Медленно проплывали мимо невысокие сопки, редкие рощи, иногда вдалеке виделись низкие китайские фанзы. Чем дальше продвигались, тем чаще встречались поваленные телеграфные столбы с оборванными проводами. Кто здесь успел похозяйничать? Японцы, хунхузы [5] или китайцы из ближайших деревень утащили провода для своих надобностей? Иван Михайлович не выпускал бинокля из рук, внимательно вглядывался в ближайшие сопки, но никакого движения там пока, слава богу, не наблюдалось.
Маньчжурии и на русском Дальнем Востоке.
Поручик Останин, тоже не выпуская из рук бинокля, стоял у другого окна, и Иван Михайлович, мельком глянув, заметил, что правая нога у него вздрагивает и стукается коленом в стенку кабины; чистое, выглаженное галифе размазывает угольную копоть. Он хотел окликнуть поручика, сказать ему ободряющие слова, но передумал. Что тут скажешь? Не бояться в такой ситуации может только дурак, а нормальный человек всегда боится, храбрость в том и заключается, чтобы свой страх перебороть. Переборет его и поручик Останин.

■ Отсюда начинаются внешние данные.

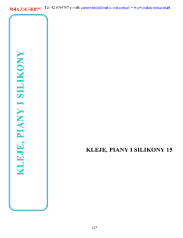 KLEJE, PIANY I SILIKONY Tel: 42 6764707 e-mail: [email protected] ▪ www.makra-met.com.pl KLEJE, PIANY I SILIKONY 15 117 Tel: 42 6764707 e-mail: [email protected] ▪ www.makra-met.com.pl Kleje Klej BUTAPREN BAU SOLID tubka 50ml roztwór kauczuku polichloroprenowego, żywicy alkifenolowej i wypełniacza w mieszaninie rozpuszczalników organicznych stosowany do klejenia na zimno skóry naturalnej i sztucznej, gumy, tkanin, filcu, korka. ►Klej BUTAPREN 50ml 096-11-007 Klej Cyjanopan E 2g klej do połączeń elestacznych błyskawicznie łączy między innymi gumę z metalemi, gumę z gumą oraz niektórych tworzyw sztucznych; skleja w kilka sekund 096-11-013 Klej DISTAL CLASSIC 31g dwuskładnikowy klej epoksydowy, łączy trwałą spoiną metal, drewno, ceramikę, beton, styropian, minerały skalne (granity, marmur), wyroby azbestowe (eternit), tworzywa epoksydowe, mocznikowe, ebonit itp.; nadaje się do uzupełnienia ubytków pokryć antykorozyjnych, uszczelniania - w przypadku awarii - urządzeń sanitarnych i grzewczych, do klejenia Klej butapren puszka 0,2l jednoskładnikowy klej kontaktowy, przeznaczony do stosowania w obuwnictwie do klejenia skóry naturalnej i sztucznej, filcu, gumy i tkanin; może być stosowany również w przemyśle meblowym, samochodowym i w budownictwie tworzy trwałą, elastyczną spoinę, duża siła połączeń ► 0,2l złamanych nart, rakiet tenisowych, do przyklejania uchwytów do szyb; czas klejenia co najmniej 24h, pełną wytrzymałość mechaniczną spoina uzyskuje po upływie 7 dni 096-11-014 236-11-049 118 silikony Klej Cyjanopan ME 2g do połączeń sztywnych; służy do szybkiego łączenia gumy z gumą, gumy z metalami, tworzyw sztucznych i niektórych gatunków drewna, łączy w zależności od rodzaju materiału, w 15 do 30 sekund 096-11-012 i Klej polimerowy uniwersalny 50ml służy do przyklejania kasetonów styropianowych, drewnianych i drewnopodobnych, glazury, parkietu, mozaiki parkietowej, ceramiki, szkła, drewna, korka, sztucznej skóry, płytek poliestrowych, wykładzin podłogowych; daje wodoodporną spoinę; czas schnięcia: 20-60 minut (pełną wytrzymałość spoina uzyskuje po upływie kilku godzin), tubka ► Klej BUNAC polimerowy 50ml 096-11-011 Kleje, piany Klej natychmiastowy BONDINI PLUS 6 g nadaje się do łączenia materiałów porowatych typu: drewno, papier, skóra oraz inne włókna wchłaniające wilgoć, znakomicie łączy również materiały takie jak: metale, plastik, elastomery, ceramikę, gumę, szkło itp.; dzięki zastosowaniu specjalnej głowicy z igłą, dysza kleju nigdy nie ulega zaschnięciu; potrzebuje max. 10 sekund do trwałego złączenia materiałów, blister ► 6g 341-11-002 Tel: 42 6764707 e-mail: [email protected] ▪ www.makra-met.com.pl Klej DISTAL RAPID 30g dwuskładnikowy klej epoksydowy,szybkowiążący łączy trwałą spoiną metal, drewno, ceramikę, beton, styropian, minerały skalne (granity, marmur), wyroby azbestowe (eternit), tworzywa epoksydowe,mocznikowe, ebonit itp.; nadaje się do uzupełnienia ubytków pokryć antykorozyjnych, uszczelniania – w przypadku awarii - urządzeń sanitarnych i grzewczych, do klejenia złamanych nart, rakiet tenisowych, do przyklejania uchwytów do szyb; czas klejenia co najmniej 1h, pełną wytrzymałość mechaniczną spoina uzyskuje po upływie 2 godz. 096-11-015 Klej sekundowy 5g TECHNICOL 517-11-001 Klej 3G TIP TOP 523-99-022 Klej do drewna VICOL przeznaczony do sklejania na zimno drewna z drewnem, drewna z tkaninami lub drewna z tworzywami sztucznymi oraz tektury ► tubka 50ml 096-11-002 119 silikony Klej KROPELKA ŻEL 3g klej na bazie cyjanoakrylu, błyskawicznie skleja: metal, skórę, porcelanę, gumę, drewno, ceramikę i plastik; wzmacnia i zabezpiecza śruby i nakrętki; działa z kilkusekundowym opóźnieniem w stosunku do tradycyjnego kleju Kropelka, dzięki czemu można nanieść korektę po zetknięciu powierzchni, opak=6szt. 096-11-027 i Klej KROPELKA 2ml zawiera cyjanoakrylan; błyskawicznie klei metal, gumę, szkło, porcelanę, ceramikę, plastik, drewno, materiały porowate itp.; może posłużyć także jako wzmocnienie i zabezpieczenie śrub oraz nakrętek, wiązań w żyłkach wędkarskich itp., opak=6szt. 096-11-001 Kleje, piany Klej PATTEX SOS super klej 3g uniwersalny, cyjanoakrylowy klej błyskawiczny łączy w sobie szybkość działania i wytrzymałość, można nim łączyć metal, plastik, drewno, szkło itp.; posiada specjalną końcówkę, umożliwiającą precyzyjniejsze nakładanie substancji na materiał, związanie następuje w ciągu 15-60 sekund 096-11-016 Klej POXILINA 70g dwuskładnikowa masa, służąca do uzupełniania ubytków, uszczelniania powierzchni o różnych kształtach oraz naprawy i łączenia: metali, drewna, betonu, szkła, marmuru, itp.; jest idealna do reperacji przeciekających rur i dziurawych zbiorników, schnie w zaledwie 10 minut, a po godzinie uzyskuje twardość metalu, można wówczas w niej wiercić, wbijać w nią gwoździe, przecinać ją i malować, jest dobrym izolatorem elektrycznym, nie kurczy się, nie rozciąga, odporny na wysoką temperaturę oraz warunki atmosferyczne, opak=6szt. 096-11-026 Tel: 42 6764707 e-mail: [email protected] ▪ www.makra-met.com.pl ►Klej Ośmiorniczka 50g Klej POXIPOL 14ml jest dwuskładnikowym, bardzo mocnym spoiwem plastycznym; klei metal, szkło ceramikę, drewno, twardy plastik, a nawet kamień, idealny do uszczelnień 098-11-001 ►Klej do dętek 20ml 523-99-023 przeciekających rur i dziurawych zbiorników; twardnieje w ciągu 10 minut; może być poddawany ►Klej montażowy DEN BRAVEN MAMUT biały 290ml 398-11-028 obróbce: wierceniu, polerowaniu Klej poliutretanowy do butów BAU SOLID roztwór żywic poliuretanowych z dodatkiem środków modyfikujących ►Klej SZEWSKI tubka 50ml 096-11-008 ►Klej SZEWSKI słoik 0,2l 096-11-004 Klej do drewna VICOL uniwersalny do drewna przeznaczony przede wszystkim do klejenia na zimno drewna i laminat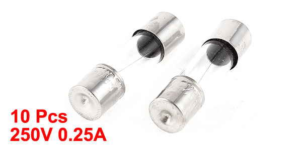 Product Name Glass Tube Fuses Fuction Fast Blow Rated Voltage 250V Rated Current 0.25A Specification 5 x 20mm Diameter 5mm / 0.2" Length 20mm / 0.8" Material Glass Color Clear, Silver Tone Weight 7g Package 10 x Glass Tube Fuses - Reviews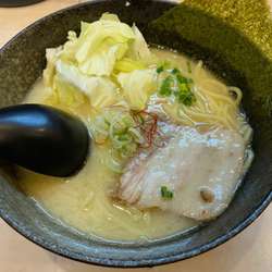 具材は、キャベツ、チャーシュー、玉ねぎ、海苔、糸唐辛子。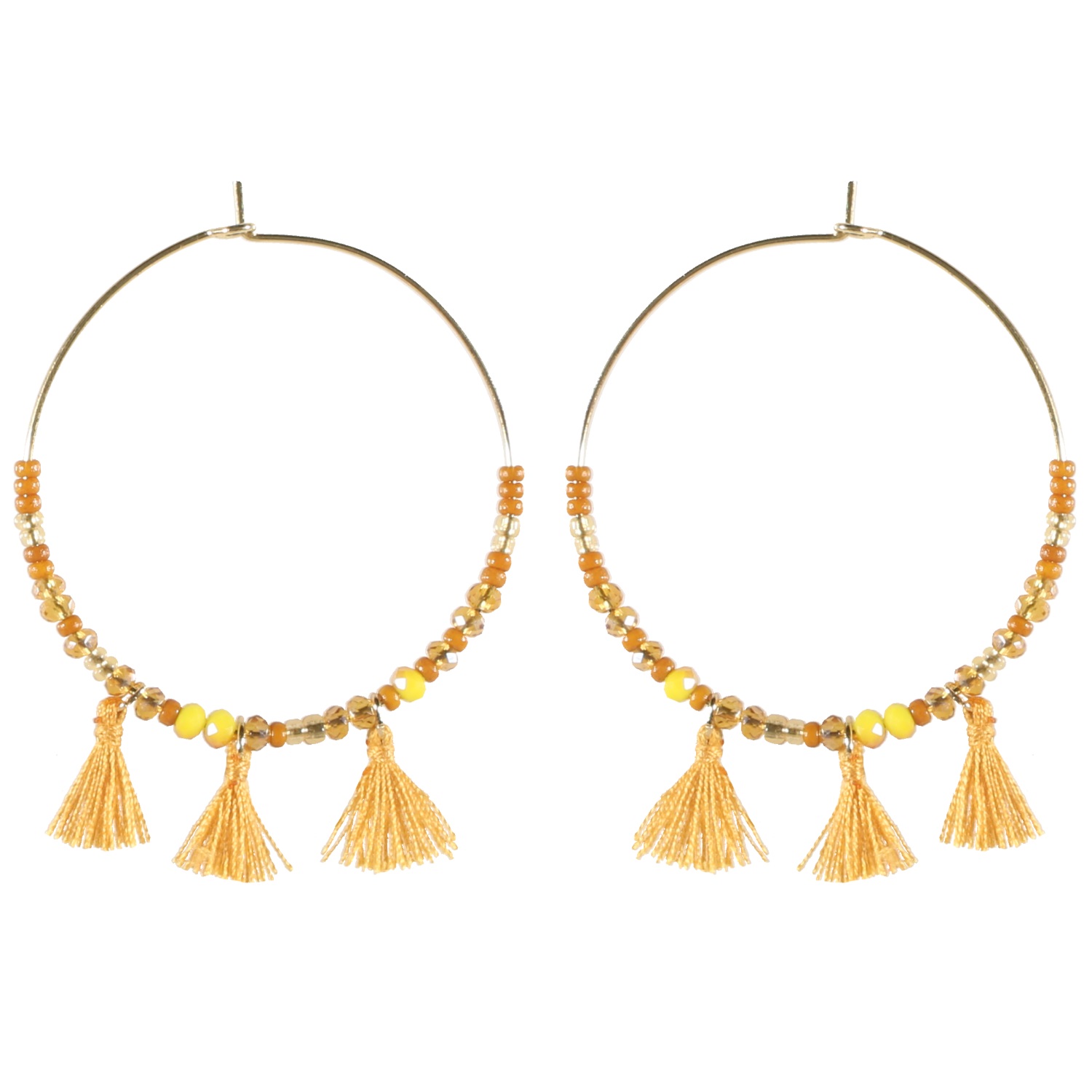 Boucles d'oreilles créoles fantaisie en métal doré, perles de couleur et pompons en textile.
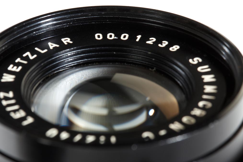 prototype Summicron lens with 000xxx number, partially black painted, rubber hood, caps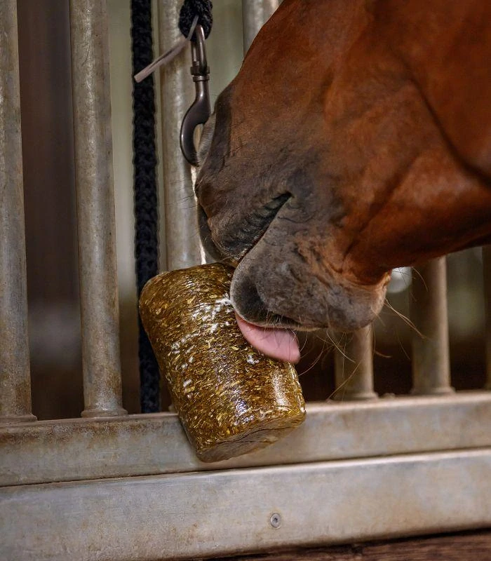 Bylinný liz StableSnack je bylinný lízací kámen s mnoha cennými, přírodními bylinkami. Díky šňůrce se snadno připevní k boxu, výběhu nebo volnému boxu, kde koni nabízí chutnou a smysluplnou aktivitu.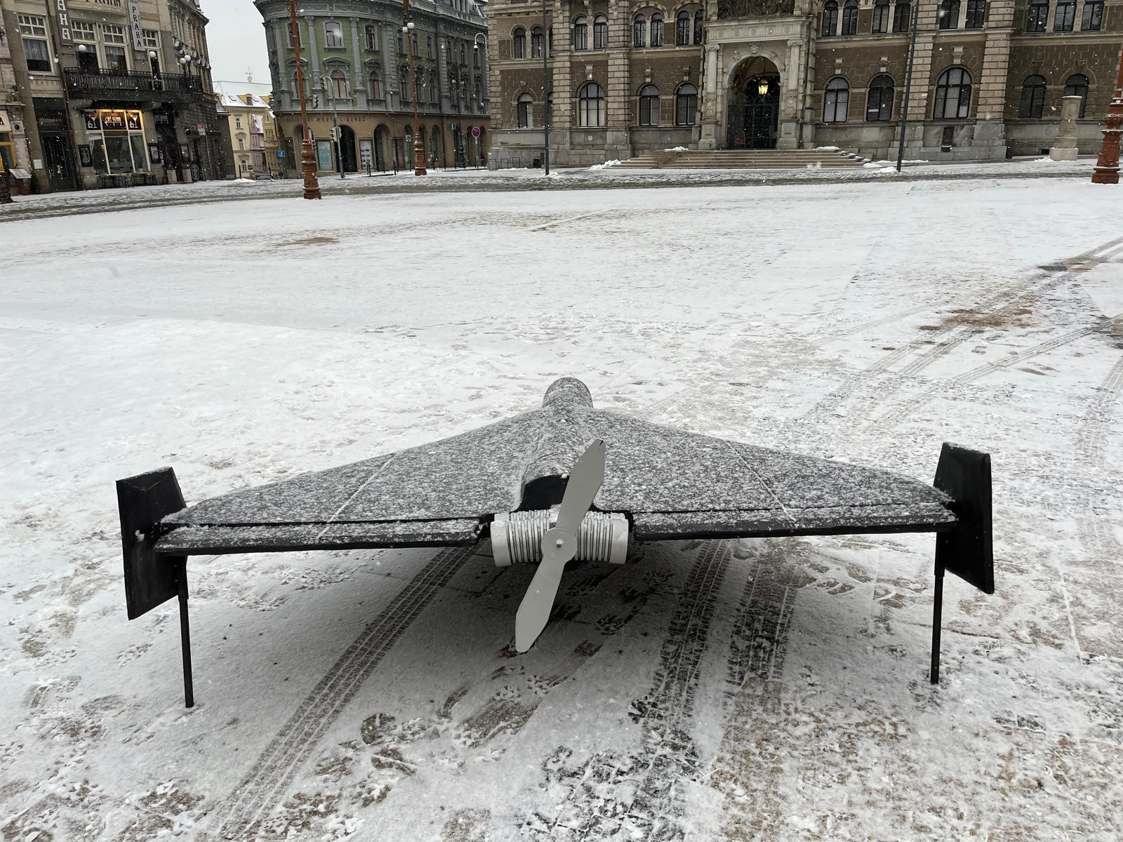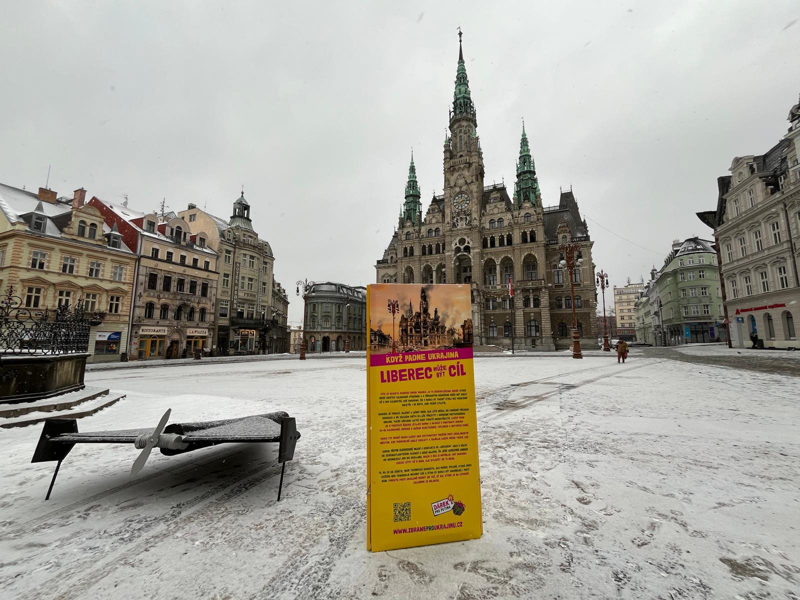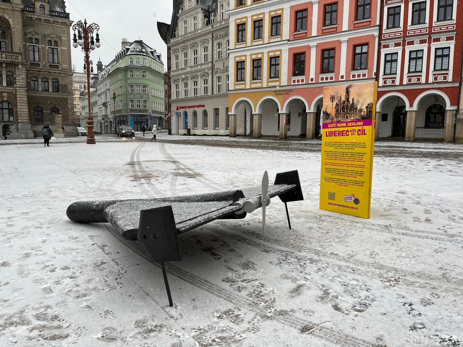 Liberec může být cíl. Před radnicí se objevil dron, který útočí na Ukrajinu

Показалась станция Пуландян. Даже без бинокля было видно, что несколько зданий сожжены, в остальных выбиты двери и окна, раскачиваются под ветром обрывки проводов. Рекогносцировочный поезд остановился, и шесть пронзительных гудков прорезали воздух. Иван Михайлович быстро спустился с паровоза на землю и успел еще ощутить ладонями, что поручни на солнце нагрелись.
Сразу за станцией путь оказался разрушен. Правда, шпалы остались на месте, растащили только рельсы. Иван Михайлович быстро расставил по местам восстановительную команду, и работа закипела. В это время из-за ближних строений, над которыми еще курился дым недавнего пожара, показались трое китайцев. Грязные, с выбритыми впереди лбами и с длинными косами, свисающими с затылков, они смотрели боязливо, но потихоньку приближались и, подойдя, быстро заговорили, перебивая друг друга и повторяя одно и то же:
– Капетана шанго! Капетана шанго!
Иван Михайлович знал, что шанго – это хорошо, а капетана – обычное обращение китайцев к русским военным. Думал, что они станут просить еды или денег, как это частенько бывало, но китайцы, не прерывая своей быстрой речи, по очереди взмахивали руками и показывали на восток, где между двух небольших и тесно стоящих сопок, рассекая их, проходила узкая дорога. Иван Михайлович никак не мог их понять, пока один из китайцев не вскинул руки и не показал жестами, будто стреляет из ружья, а другой, вспомнив, видно, слово, выговорил:
– Япона, япона…
Теперь и без переводчика было ясно, что китайцы хотели предупредить: где-то там, за сопками, находятся японцы. Иван Михайлович быстро оглянулся – работы оставалось еще на час, не меньше.
И что прикажете делать?
А к нему тем временем уже бежал поручик Останин, и бинокль, висевший у него на груди, болтался из стороны в сторону. Подбежал и выпалил на одном дыхании:
– Господин подполковник! Пыль видно, похоже, японская пехота… Я полковнику Гридасову доложил, он вас к себе требует.
Лицо у Гридасова было серым от пота и угольной пыли, и зубы, когда он улыбался, поблескивали ярче, чем обычно.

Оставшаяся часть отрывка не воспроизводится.